The combinations are arranged after increasing intensity. Type E has been widely practised on the European continent, where vast tracts of heathland were developed mainly as a result of shifting cultivation. Possibly, the D-type has been less important; the use of »dry meadows« (Swedish: fastmarksang) and of degraded forests (Swedish: löväng) for leaf-fodder exemplifies this type. The archaelogical finds previously mentioned may support the idea of an old tradition for type D. Cropping-grazing combinations are probably the most common of all the types. Usually there is no sharp distinction between type C and D, as the C type often is established after an initial type E stage(s); the natural plant successions after shifting cultivaton usually provide good grazing, e.g. young heather is a fine fodder as well fresh as dried.

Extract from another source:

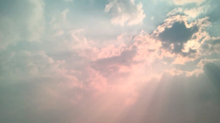구름 사이에서 햇빛이 찬란하게 스며 나올 때

Type B seems especially important in the North Atlantic area, where cereal production is severely hampered by the humid and rather cold summer. Introduction of potato-growing sometimes turned the B type into type C even in areas of this category.

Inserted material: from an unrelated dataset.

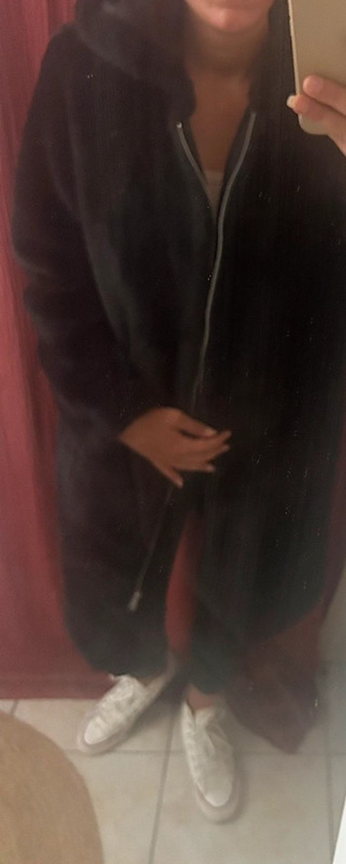 Manteau/veste longue polaire Fausse fourrure A capuche Noir Zara taille 34 En parfait état #dressvetfemme34 🎀 Merci de lire la description de mon profil avant tout contact ou achat 🎀

If the infield-outfield term is applied only to farming systems with livestock, type E is not a type of infield-outfield proper. The reason to include it here is that the succession of types makes it difficult to draw a line of separation between the two. They occur simultaneously within the same farm on different pieces of land. From a geographical point of view it is important, further, that the cultural landscapes resulting from the two types are almost identical, at least in some stages.

Among the most important characteristics of the
infield-outfield system is, that it is possible to establish it
at very low capital inputs. The system is usually found
within the sphere of pre-industrial agriculture.

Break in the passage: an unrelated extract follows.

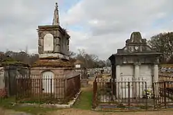 • a cemetery "consisting mainly of fairly ordinary above-ground tombs ... noteworthy for three high style Renaissance Revival tombs near the entrance. The Welham tomb is particularly significant with its castiron vermiculated quoins and arches."[2]

Generally the effiency of farming systems can be described by the effect of its inputs on outputs, e.g. as depicted, by the production function fig. 1. The two elements of the system behave rather differently. Maximum gains are by far larger for the infield, but acquired at higher levels of work inputs. The outfield yields at very small inputs. However, its maximum yields are soon reached and the system difficult to change for further improvements. Returns of both infield and outfield are severely reduced by the effects of journeying from home to

During the Middle Ages, f values were normally rather low, usually about 3. Hence, use of the infield-outfield system was very advantageous. The beneficial effect on soil fertility was widely acknowledged as by the saying »meadow makes the field« (Danish: »eng er agers moder«). In fact, there were only two alternative methods for improvement of soil fertility: the use of fallow or of leguminous plants. Only the discovery of mineral fertilization brought a drastic change into this state of affairs.

Different combinations of area and work inputs resulting in equal yields are depicted in fig. 5, which is in principle derived from fig. 1. It is seen that the outfield production alone is advantageous, when labour is scarce and land not. This points at the explanation touched upon earlier, that use of outfield alone was possibly the origin of the system. But it is also evident that a need for higher carrying capacity, which implies greater yields per unit of area, makes a combined use of infield and outfield necessary. Population pressure may have been one of the driving forces behind this (E. Boserup, 1965). The normal development of the system makes the infield encroach upon the outfield.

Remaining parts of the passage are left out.